Tisdale v. Kerr McGee Chemical Corp., 20153

Decision Date22 January 1976
Docket NumberNo. 20153,20153
Citation221 S.E.2d 531,266 S.C. 64
CourtSouth Carolina Supreme Court
PartiesEliose T. TISDALE, Respondent, v. KERR McGEE CHEMICAL CORPORATION and McNair Seed Company, Appellants.

C. Dexter Powers, Wright, Scott, Blackwell & Powers, Florence, and LaNue Floyd, Kingstree, for appellants.

Allen C. Pate, and George W. Keels, Florence, for respondent.

LITTLEJOHN, Justice:

This breach of warranty action was brought in the Williamsburg County Civil Court by Eloise Tisdale (plaintiff) against defendants, Kerr-McGee Chemical Corporation (Kerr-McGee) and McNair Seed Company (McNair), to recover actual damages of $8,091.75, allegedly suffered as a consequence of purchasing 140 bags of defective soybean seed from Kerr-McGee.
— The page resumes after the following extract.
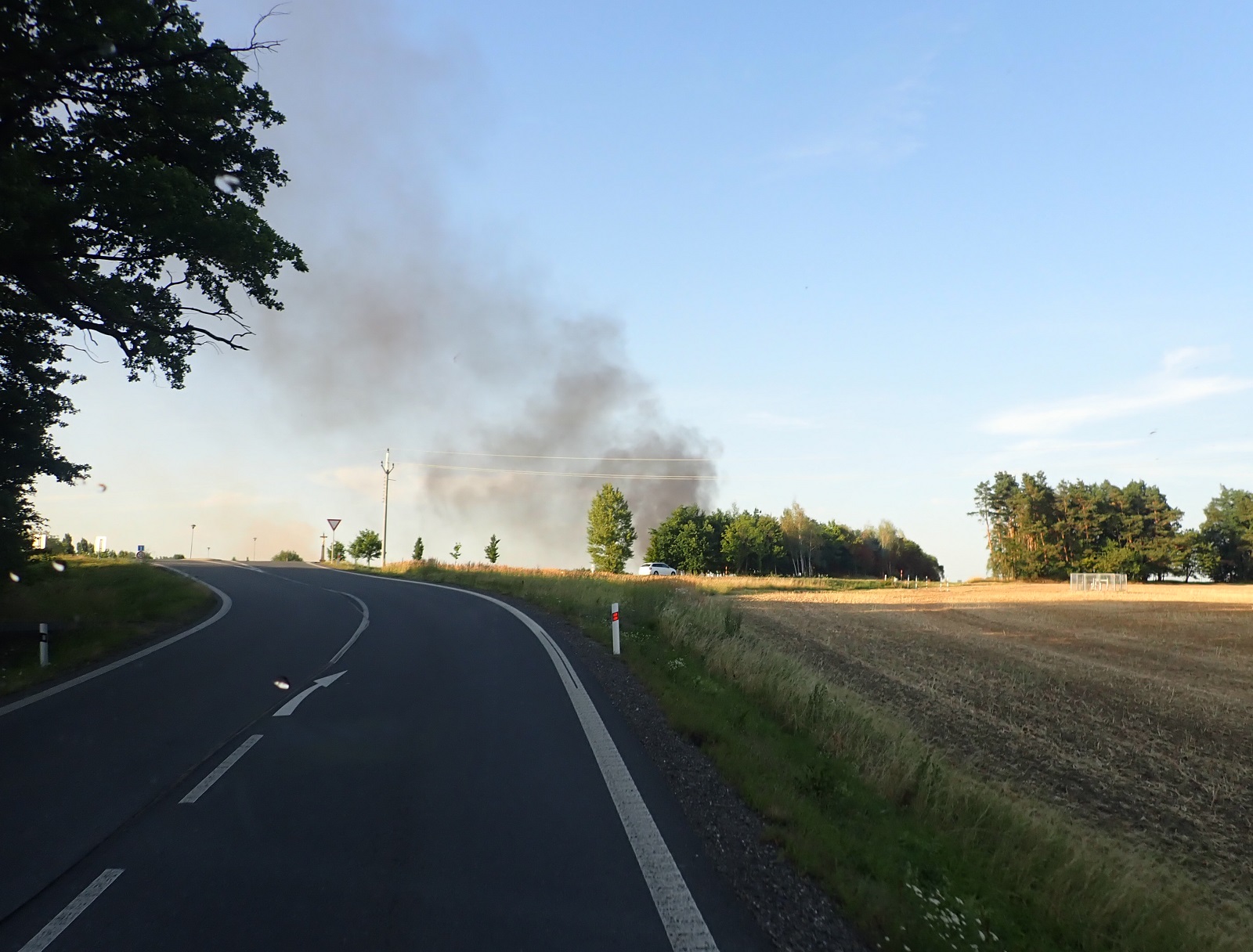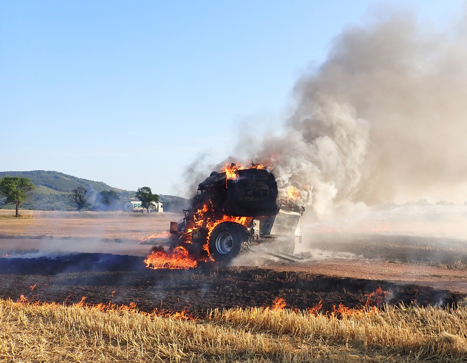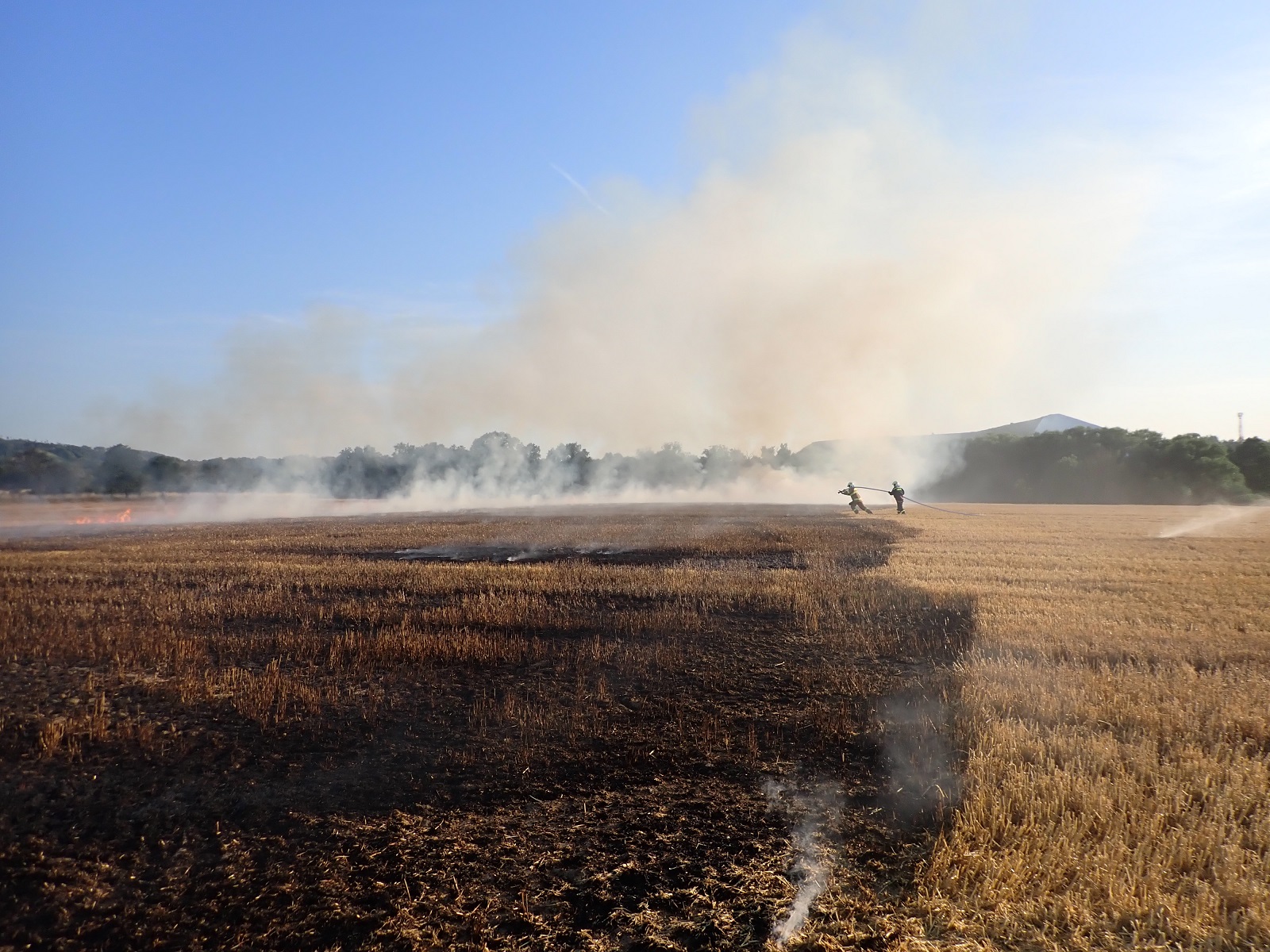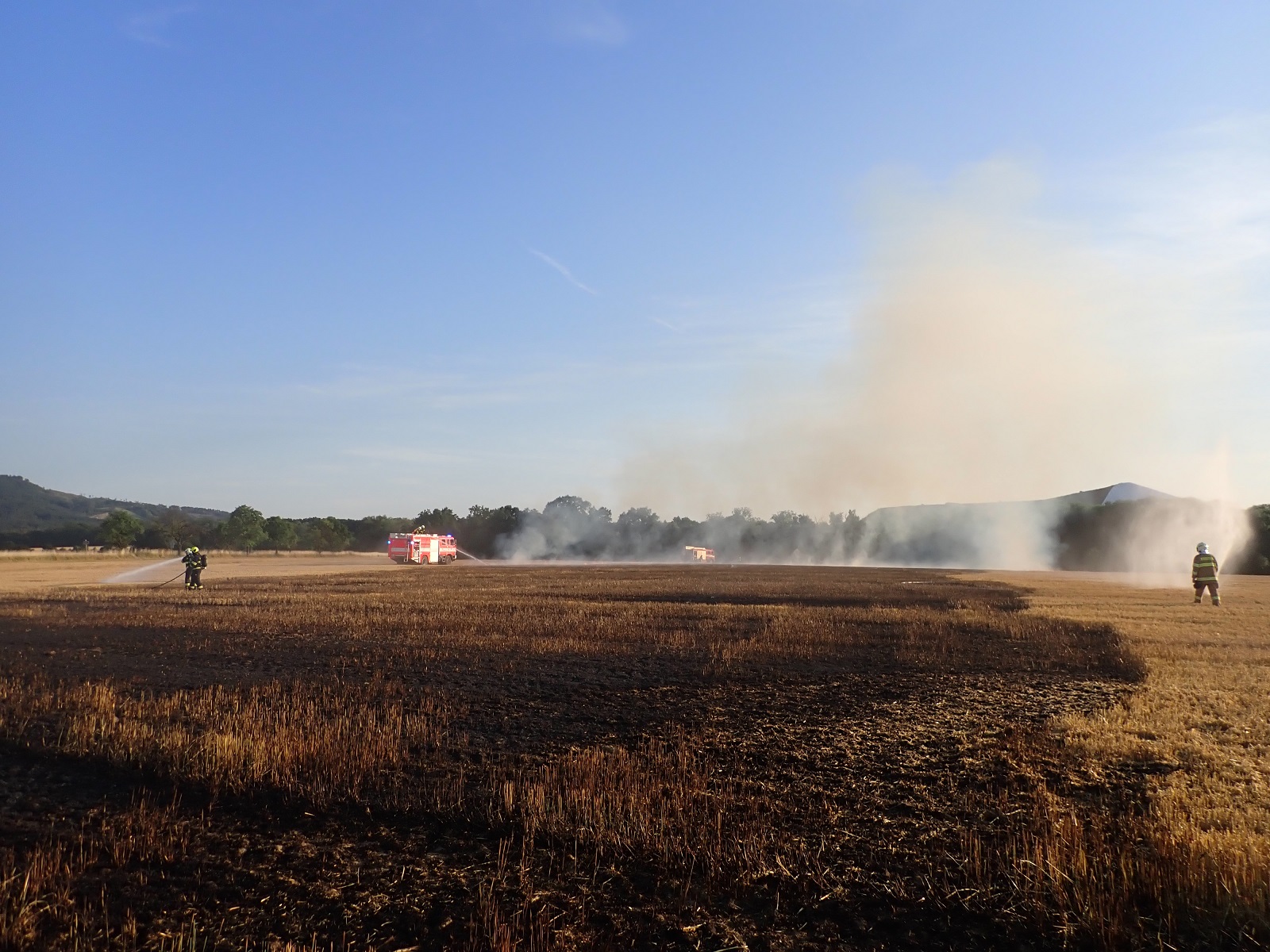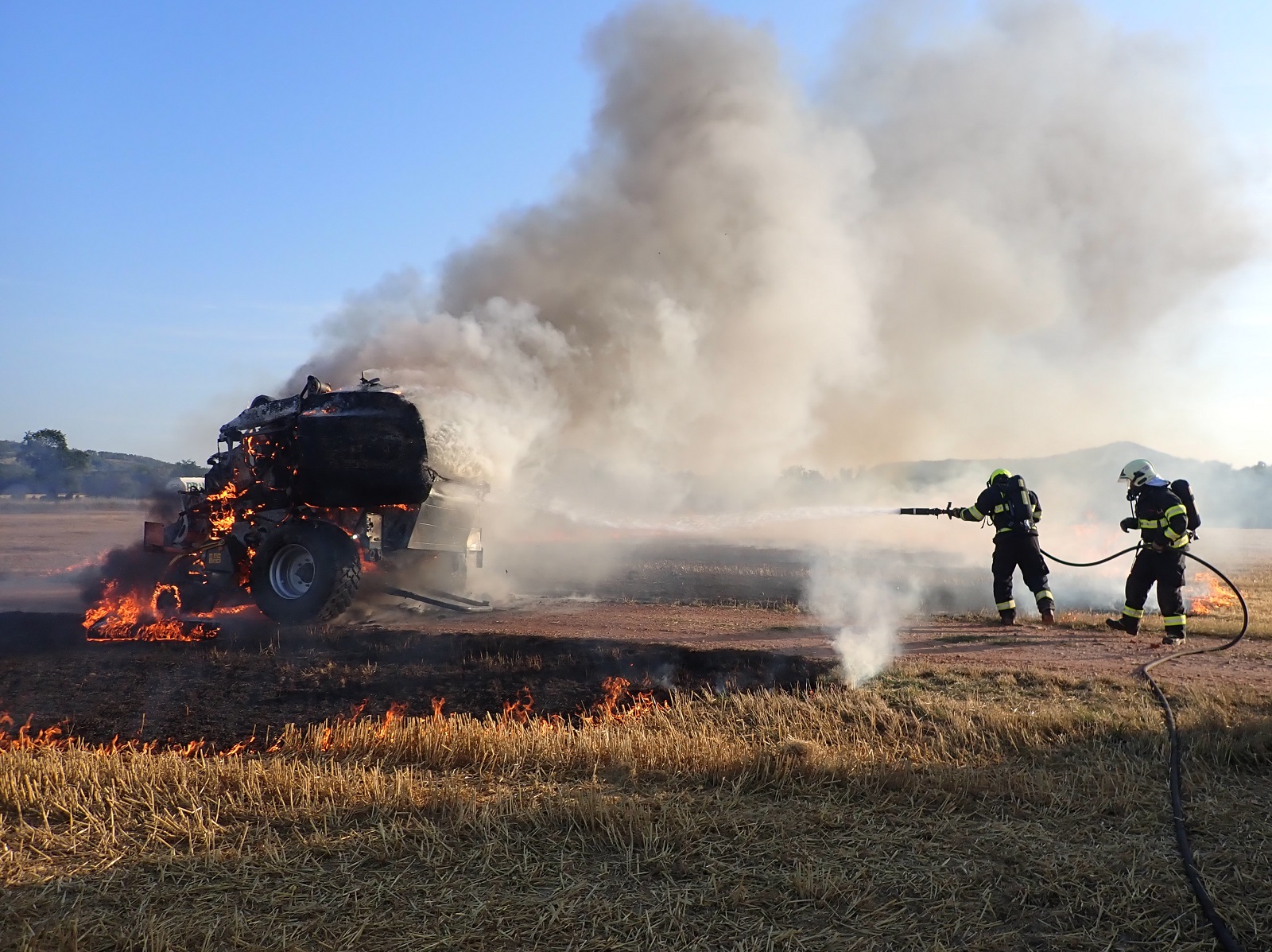 Před naším příjezdem se podařilo odpojit traktor od balíkovače. Kromě balíkovače shořelo strniště na třech místech. Jedna část měla velikost asi 30 x 30 metrů a další dvě části asi 60 x 60 metrů.

Kerr-McGee, a retailer, had purchased them from McNair, a wholesaler.

Upon trial of the case, the jury rendered a verdict for plaintiff in the amount of $4,068.51. Defendants have appealed, alleging error by the trial judge in refusing their motions for nonsuit, directed verdict and judgment n.o.v.

We are of the opinion that the trial judge properly overruled the motions and affirm the verdict of the lower court. The sole issue before us is whether the evidence made issues of fact for the jury, or only questions of law for the judge.

Plaintiff alleged that the seed she purchased were defective in that they failed to germinate, as represented by defendants, requiring plaintiff to purchase other seed and replant, which planting produced a short crop.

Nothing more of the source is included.